Infectious Diseases

Malaria: Signs, Symptoms and Treatment

  • Clinicals
  • Infectious Diseases
  • 2021-04-24 12:07:19
  • 6 minutes, 22 seconds

Malaria: Signs, Symptoms and Treatment

Malaria is a mosquito-borne blood disease transmitted by the bite of an infected female anopheles mosquito. Malaria is caused by infection of red blood cells with a protozoan parasite of the genus Plasmodium.
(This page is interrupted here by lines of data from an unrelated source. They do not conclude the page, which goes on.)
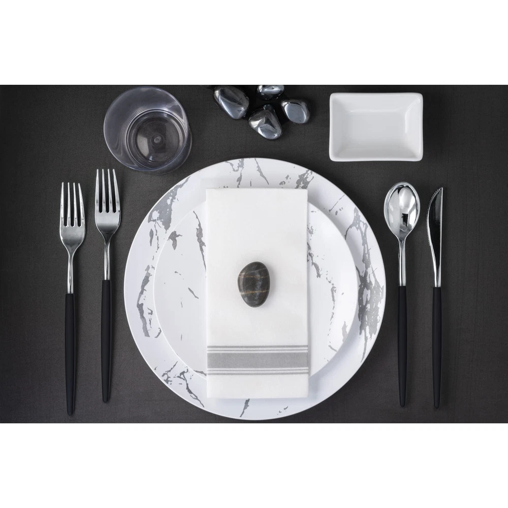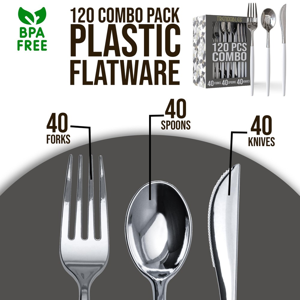 INCLUDES: White Silver Silverware Cutlery Set Each Box of heavy duty plastic silverware Contains 40 heavy duty Plastic Forks and Knives And 40 Soup Spoons Disposable Plastic Silverware Forks Sturdy And Unique Plastic Forks Pair With Our Matching Plastic Spoons And Knives For The Complete utensils set PERFECT FOR ANY OCCASION: Introducing Our Designer Sleek, Modern, And Stylish Disposable Cutlery gold flatware - This Trendy Cutlery Is Perfect For weddings , Receptions , Formal Dinners , Banquets , Parties Picnics, Catering Supplies , Halloween , Christmas Etc PREMIUM QUALITY: These disposable silverware heavy duty tableware utensils not only look stunning but are very sturdy. We Are Proud To Say That Our durable fancy plastic silverware set Is Made with Bpa Free Plastic That Is Recyclable Too! It Is The Perfect Holiday and Thanksgiving cutlery - upscale disposable dinnerware COLLECTION: Impress your guest this holiday season with magnificent high quality disposable forks spoons and knives set disposable dinnerware set Each design is uniquely vibrant and can find a place at any trendy event - plastic silverware sets for parties or wedding disposable dinnerware FINE DINNING MADE EASY: Need to spruce up a party but don't want to use your real dishes ? quality Disposable plastic Cutlery is definitely the way to go. There is always a new look or design to change things up from last party and our disposable utensils heavy duty gold spoons silverware and gold forks silverware gold knife set are just the thing you need to make partying and clean up a breeze
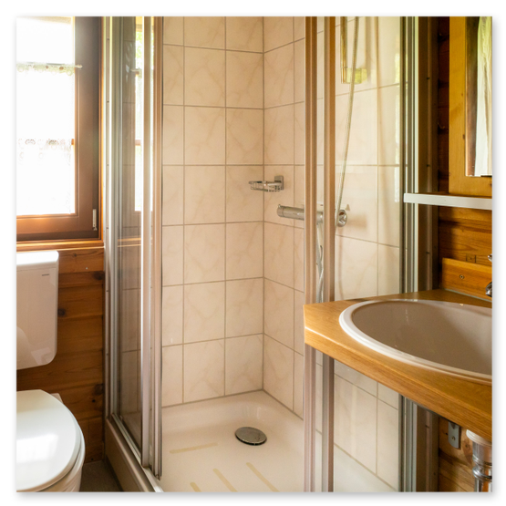 Die beiden Badezimmer grenzen je direkt an die Schlafzimmer an und sind mit Toilette und Dusche ausgestattet. Die Dusche im Ensuite Bad Zimmer 1 ist mit einer hohen Duschwanne ausgestattet und eignet sich daher auch zum Baden von Kleinkindern.
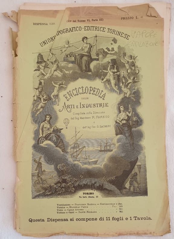 Interessante estratto del 1890 circa tratto dall'Enciclopedia delle arti e industrie edita da Utet sul vapore scritto da Penati e la ventilazione di F. Mazzola. La parte relativa al vapore da pag. 873 e consta di 5 pagine mentre la parte sulla ventilazione inizia da pag. 877 e consta di 32 pagine. All'interno le varie tecniche e i progetti di ventilazione (ventilazione delle gallerie, ventilazione artificiale ecc...) In ottime condizioni. Copertina assente. Legatura assente. All'interno le pagine si presentano in ottime condizioni con rare fioriture. In 4. Dim. 31x20 cm. Pp. da 873 a 908. Interesting extract of 1890 from Enciclopedia delle arti e industrie edited by Utet about steam by Penati and ventilation by Mazzola The part relating steam begins from pag. 873 and is made up of 5 pages, ventilation from page 877 and is made up of 32 pages. Inside different techniques of projects of ventilation (galleries, artificial etc...) In very good conditions. Cover is missing. Binding is missing. Inside pages are in very good conditions with occasional foxings. In 4. Dim. 31x20 cm. Pp. da 873 a 908.
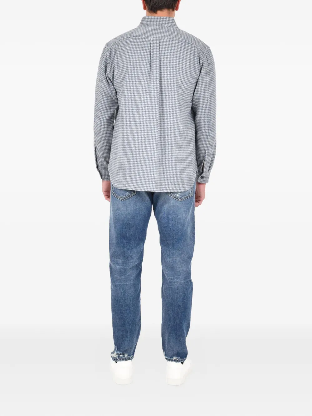 светло-голубой в клетку, застежка на пуговицы, длинные рукава, манжеты на пуговицах, нагрудные карманы
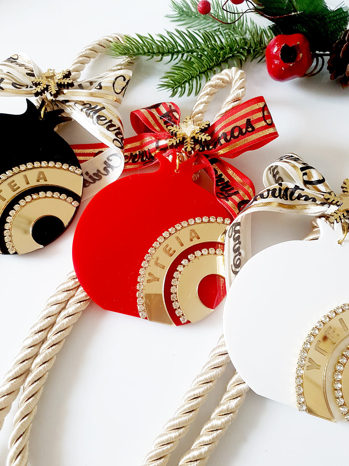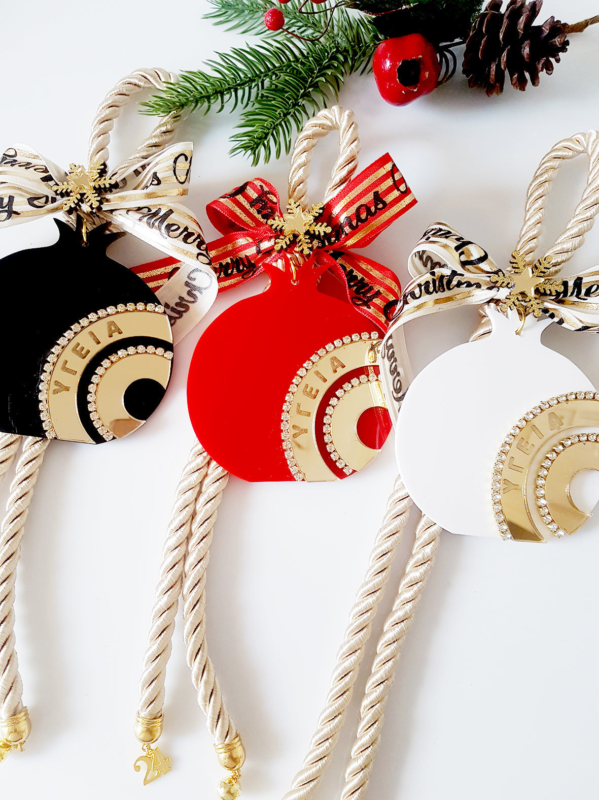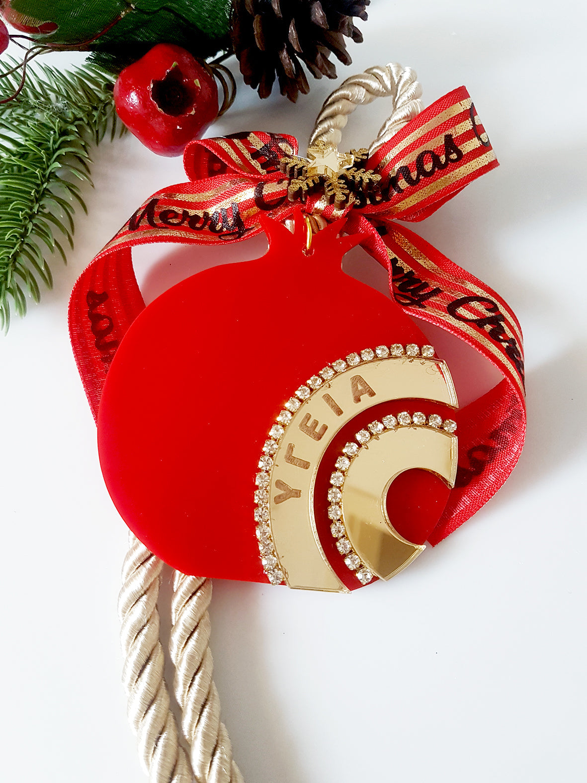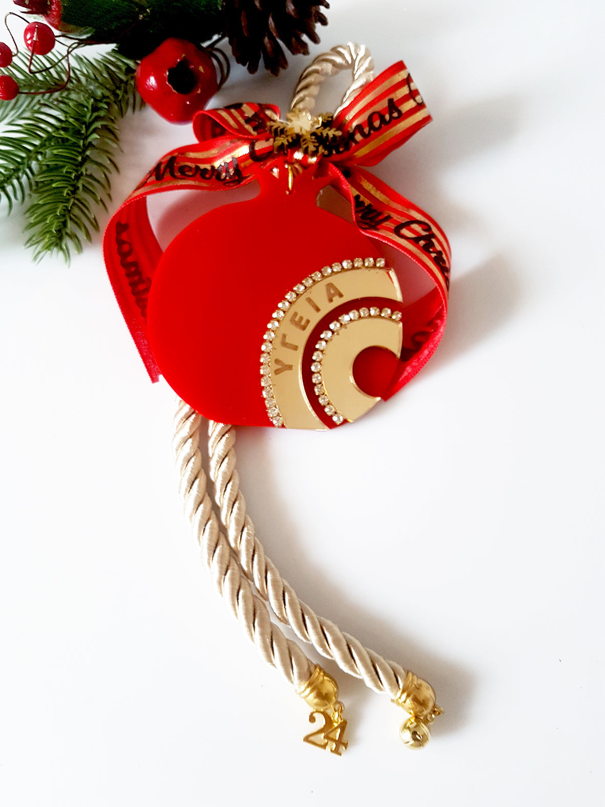 Χειροποίητο κρεμαστό γούρι με σατέν κορδόνι, κορδέλα Merry Christmas, πλεξιγκλάς ρόδι με μάτι από χρυσό πλεξιγκλάς καθρέφτη και στρας με χάραξη Υγεία και κρεμαστά charms.
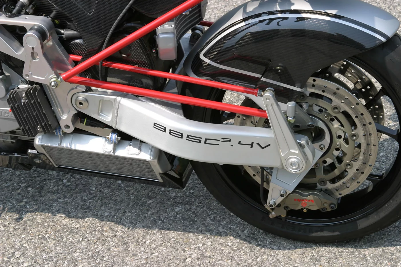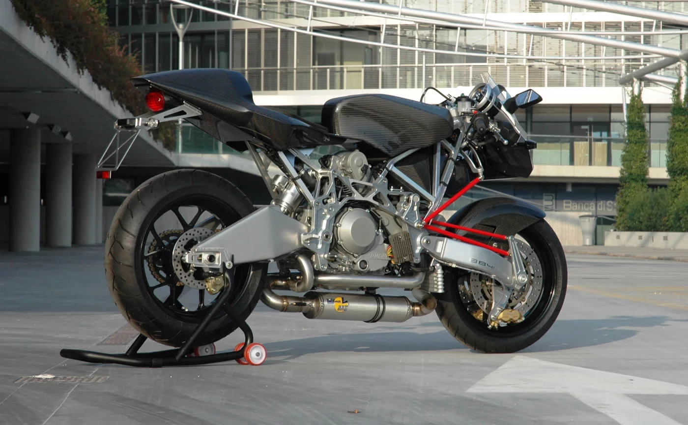 The base model 984 C3 2V comes with a 100 bhp two valve 1000DS air-cooled Ducati engine, weighs in at a featherweight 150 kg and sells for EUR 33,400 (US$47,000). Just to put that weight in perspective, a MotoGP bike weighs 148 kg.
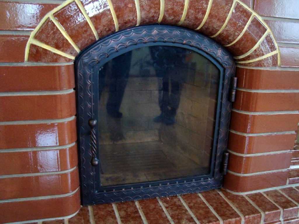 Дверь для печи может иметь разную конструкцию, например, металлическую рамку со стеклом. Крепление на печи происходит с использованием штифтов или же скоб. Стекло монтируется такое, чтобы могло выдержать высокие температуры. Его крепление съемное, чтобы в случае повреждения с легкостью можно было провести замену на новое.

Plasmodium falciparum is the commonest and is associated with significant morbidity and mortality.

The parasites are innoculated into the human host by a feeding of a female anopheles mosquito.

The other species are Plasmodium malariae, Plasmodium vivax, Pplasmodium ovale and plasmodium knowlesi.

Infection with P. vivax and P. ovale can be associated with well-defined malarial paroxysms, in which fever spikes, chills and rigors occur at regular intervals.
At this stage, with no evidence of vital organ dysfunction, the case-fatality rate is low provided prompt and effective treatment is given.

Signs and Symptoms

The symptoms of uncomplicated malaria can be rather non-specific and the diagnosis can be missed.

Since untreated malaria can progress to severe forms that may be rapidly fatal, malaria should always be considered in patients who have a history of exposure.

The most frequent symptoms include fever and chills, which can be accompanied by headache, myalgias, arthralgias, weakness, vomiting, and diarrhea.

Other clinical features include splenomegaly, anemia, thrombocytopenia, hypoglycemia, pulmonary or renal dysfunction, and neurologic changes.

The clinical presentation can vary substantially depending on the infecting species, the level of parasitemia, and the immune status of the patient.

Infections caused by P. falciparum are the most likely to progress to severe, potentially fatal forms with central nervous system involvement into what is known as cerebral malaria, acute renal failure, severe anemia, or acute respiratory distress syndrome.

Other species can also have severe manifestations.

Complications of P. vivax malaria include splenomegaly, and those of P. malariae include nephrotic syndrome.

In classifying the presentation of malaria as complicated or uncomplicated, patients may present with the following features.

Uncomplicated Malaria

Classically, malaria presents with paroxysms of fever, chills, rigours, and sweating.

Other features include malaise, headache, myalgia, joint pains, refusal to feed, nausea, vomiting, abdominal discomfort, and diarrhoea.

Severe Malaria

Severe malaria presents with a combination of most of the above plus either one or more of the following features

        1. Parasitaemia >5% or >200,000 parasites per µl of blood in high transmission area or >100,000 parasites per µl of blood in the low transmission area.
          1. Anaemia Hb <5gm%
          2. Cerebral malaria manifesting as confusion, stupor, convulsions or coma
          3. Jaundice
          4. Hyperpyrexia, temperature >39oC
          5. Hypoglycaemia (blood sugar <2.2mmol/L)
          6. Pulmonary oedema
          7. Disseminated intravascular coagulopathy (DIC – spontaneous bleeding)
          8. Malaria haemoglobinuria (Coca-cola coloured urine)
          9. Oliguria
          10. Hypovolaemic shock
          11. Fluid electrolyte imbalance

Diagnostic Investigations

In outpatient department cases

• Thick blood smear for malaria parasites (several slides may need to be done)

In inpatient cases

• Thin blood smear for parasite count, species identification, and red blood cell morphology:

Haemoglobin levels,

Blood sugar levels,


A negative slide does not necessarily rule out malaria. Where cerebral malaria is suspected, begin appropriate therapy promptly.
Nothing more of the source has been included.